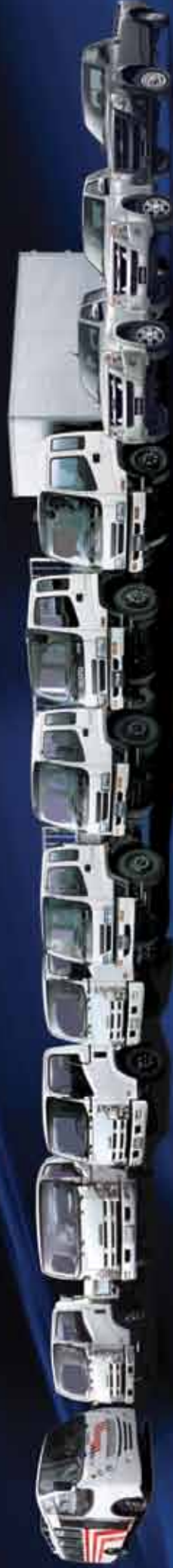
Autobuses 30 pasajeros
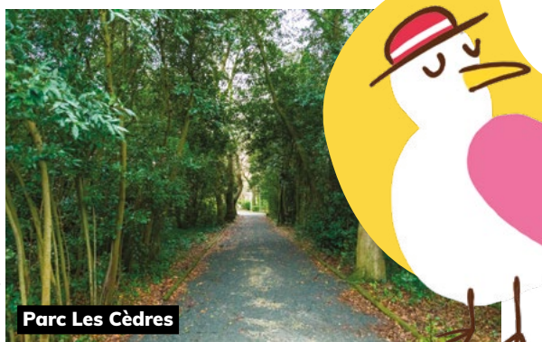
Parc Les Cèdres
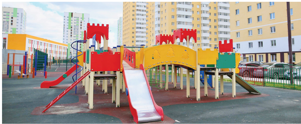
В Тобольске проверили безопасность 55 детских площадок

Кроме того, по словам заместителя главы города, в адрес управляющих компаний направляются информационные письма с разъяснениями об обязанности принятия мер по очистке детских площадок от снега, наледи, обеспечения порядка в летнее время. Депутаты сочли, что работа в данном направлении проводится регулярно и результаты налицо. Они также выразили надежду, что проводимая оценка позволит привести детские игровые площадки в нормативное состояние, что обезопасит детей от травматизма.
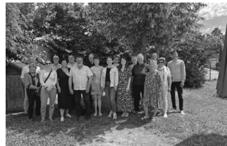
Mitglieder der Kirchengemeinderäte der SE Nord trafen sich in Berg

Das zweite große Thema ist die Kirchen- gemeinderatswahl 2025. Es ist zwar noch ein wenig hin, dennoch müssen bald die Wahlausschüsse gebildet werden, sowie Kandidatinnen und Kandidaten gefunden werden. Es ist sehr zu hoffen, dass in al- len drei Kirchengemeinden der SE ein gu- tes und arbeitsfähiges Gremium zustande kommt. Die amtierenden Kirchengemein- deräte haben sich hierzu ausgetauscht, wie man neue Personen für das Ehrenamt in der Gemeinde gewinnen kann. Ferner wurde bei dem Treffen auch über die spannenden großen Herausforderun- gen gesprochen, vor denen die Kirche Vo- rort wie auch darüber hinaus, steht.
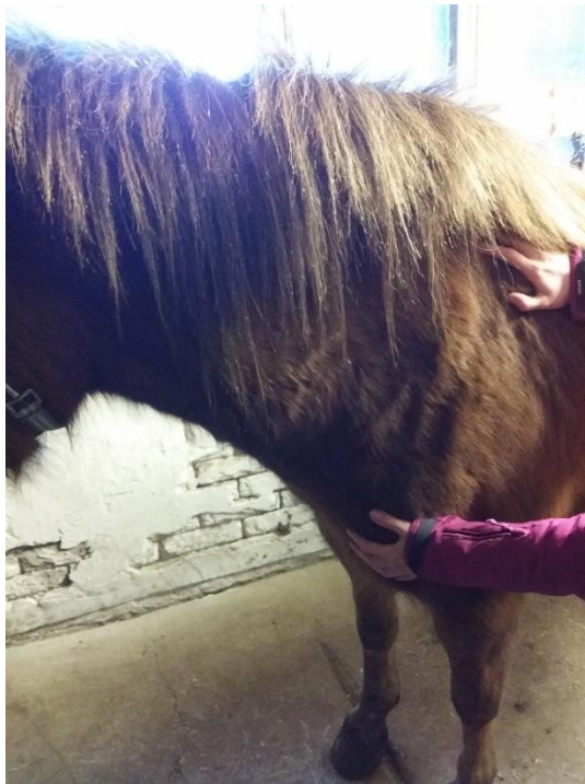
Kuva 3. Hevosen rintakorin vapauttaminen. Tavoitteena mm. parantaa hevosen etuosan toimintaa ja koko kehon työskentelyä.

Ruokinnan ja ympäristön vaikutusta kranio-sakraaliterapian ja muiden vaihtoehtoisten hoitomuotojen toimimiseen hevoselle on pohtinut muun
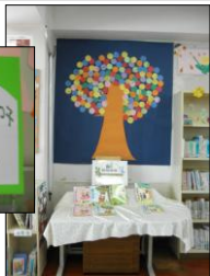
全児童読書目標の木
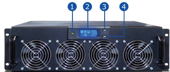
Módulos de potencia de 20 kVA a 208vac y 30 kVA a 380vac
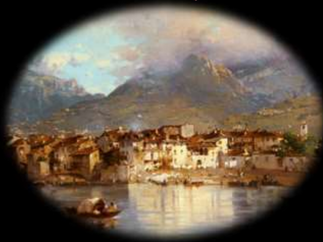
Gerolamo Induno, Pescarenico
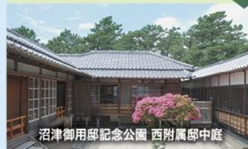
沼津御用邸記念公園 西附属邸中庭

明治26年に造営され、明治・大正・昭和の三代に渡り使用されました。昭和44年廃止の翌年には記念公園となり、美しい庭園や邸が公開され、当時の皇族の暮らしにふれることができます。当日は、春の訪れを感じるイベントが開催予定です。
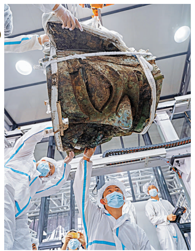
▲提取3號坑出土的青銅大面具。
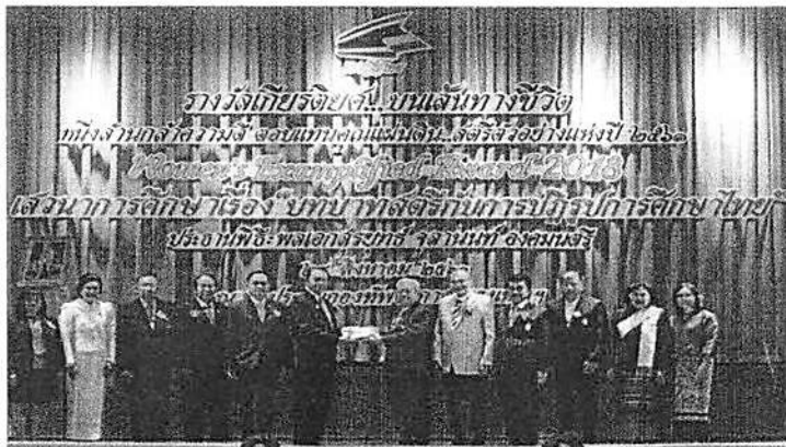
สนับสนุนทุนกองทุนการศึกษามูลนิธิรัฐบุรุษพลเอกเปรม ติณสูลานนท์ ประจำปี ๒๕๖๒ จำนวนเงิน ๔๓๘,๐๐๐ บาท

*Task instructions*:
Your answer must be the exact lines from the start of the data through the line with "В Тобольске проверили", inclusive, and nothing else; pictures do not belong in it.

*Task output*:
Autobuses 30 pasajeros
Parc Les Cèdres
В Тобольске проверили безопасность 55 детских площадок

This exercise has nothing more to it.